Thats >100x speedup over the original code, and you can still optimize further, e.g. by letting `vert` be a `SMatrix` in the first place, avoid transposition, and maybe allocating `G1` and `G2` outside the function.

I fact, I would consider whether to use `StaticArrays.jl` throughout your code, since you can get dramatic speedups. Perhaps it is still a bit immature to let your entire codebase rely on it (don’t take my word for it), but you can at least use it here to fix your bottleneck.
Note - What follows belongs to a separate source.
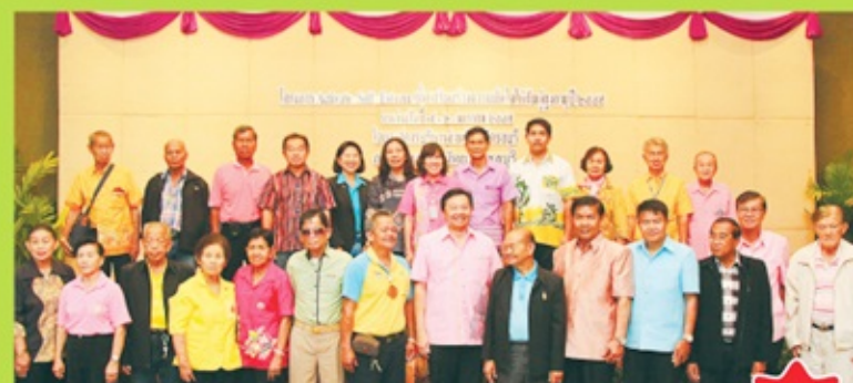
อบจ.ชลบุรีจัด โครงการ Activate Self Esteem 7
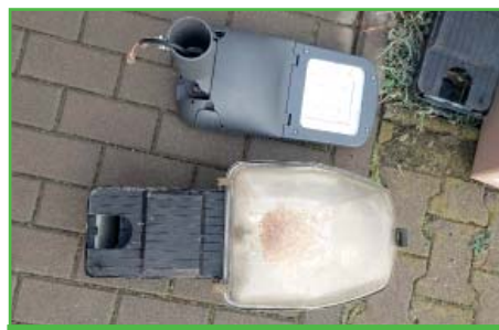
Porovnání nových LED světel se starým světlem.

Hned začátkem roku po obdržení dodávky svítidel jsme přistoupili k avizovanému šetření energií formou výměny svítidel veřejného osvětlení za nová LED svítidla. Vyměněna byla prozatím světla kolem hlavní silnice III. třídy od křižovatky na Uherčice, na čtvrtém řádku a v celé horní části obce kolem sokolovny. Došlo k výměně více jak 50 % všech svítidel a zbytek obce chceme zrealizovat co nejdříve,

One more note: Please use infix operators in the infix position. It makes your code so much easier to read Also, I don’t see any reason to use `A_mul_Bt(G, G)` et. al. over `G * G'`; the latter is much more readable, and should be as fast.

#7

`vcat` is, unfortunately, type-unstable at the moment and this explains the memory allocation you are seeing.
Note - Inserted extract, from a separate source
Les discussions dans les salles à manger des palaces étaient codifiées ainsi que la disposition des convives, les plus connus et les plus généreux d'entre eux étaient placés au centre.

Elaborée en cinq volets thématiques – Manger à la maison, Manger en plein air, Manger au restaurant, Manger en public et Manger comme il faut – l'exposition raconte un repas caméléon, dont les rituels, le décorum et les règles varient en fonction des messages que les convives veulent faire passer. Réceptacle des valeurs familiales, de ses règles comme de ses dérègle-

``````julia> f() = [ones(4); 3.4]
f (generic function with 1 method)

julia> @code_warntype f()
Variables:
#self#::#f

Body:
begin
return \$(Expr(:invoke, LambdaInfo for vcat(::Array{Float64,1}, ::Float64), :(Main.vcat), :(\$(Expr(:invoke, LambdaInfo for fill!(::Array{Float64,1}, ::Float64), :(Base.fill!), :((Core.ccall)(:jl_alloc_array_1d,(Core.apply_type)(Core.Array,Float64,1)::Type{Array{Float64,1}},(Core.svec)(Core.Any,Core.Int)::SimpleVector,Array{Float64,1},0,4,0)::Array{Float64,1}), :((Base.box)(Float64,(Base.sitofp)(Float64,1)))))), 3.4))
end::Any
``````

#8

You can get a better speed up from StaticArrays.jl if you get the sizes of the matrices from the type parameters:

``````using StaticArrays

function stima3(vertices::Matrix)
d = size(vertices,2)
G = \([ones(1,d+1);vertices'],[zeros(1,d);eye(d)])
return /(det([ones(1,d+1);vertices']) * *(G, G'), prod(1:d))
end

function stima3{N,D}(vertices::SMatrix{N,D})
U = [ones(SMatrix{1,N}); vertices']
# unfortunately StaticArrays doesn't define \(::SArray, ::SArray) yet.
G = inv(U) * [zeros(SMatrix{1,D}); eye(SMatrix{D,D})]
return (det(U) * G * G') / prod(1:D)
end

vertices = randn(3,2)
svertices = SMatrix{3,2}(vertices)

stima3(vertices)
stima3(svertices)

using BenchmarkTools

@benchmark stima3(\$vertices)
@benchmark stima3(\$svertices)
``````

which gives:

``````julia> @benchmark stima3(\$vertices)
BenchmarkTools.Trial:
samples:          10000
evals/sample:     1
time tolerance:   5.00%
memory tolerance: 1.00%
memory estimate:  3.36 kb
allocs estimate:  51
minimum time:     13.30 μs (0.00% GC)
median time:      20.35 μs (0.00% GC)
mean time:        28.24 μs (1.57% GC)
maximum time:     10.13 ms (0.00% GC)

julia> @benchmark stima3(\$svertices)
BenchmarkTools.Trial:
samples:          10000
evals/sample:     994
time tolerance:   5.00%
memory tolerance: 1.00%
memory estimate:  0.00 bytes
allocs estimate:  0
minimum time:     31.00 ns (0.00% GC)
median time:      32.00 ns (0.00% GC)
mean time:        33.08 ns (0.00% GC)
maximum time:     497.00 ns (0.00% GC)
``````

which is almost an 1000x speed up!

(also, note the complete lack of any memory allocations).

#9

This is cool. Is there some general advice on what format to use if I have a fixed size sparse array - use sparse or StaticArray? (sorry if this derails the conversation slightly).

#10

Yes these two formats optimized are for opposite use cases. You want to use sparse for large arrays and Static for small (like 3x3 matrices etc.) ones.

#11

Thanks! Is there anything better than a really clear recommendation?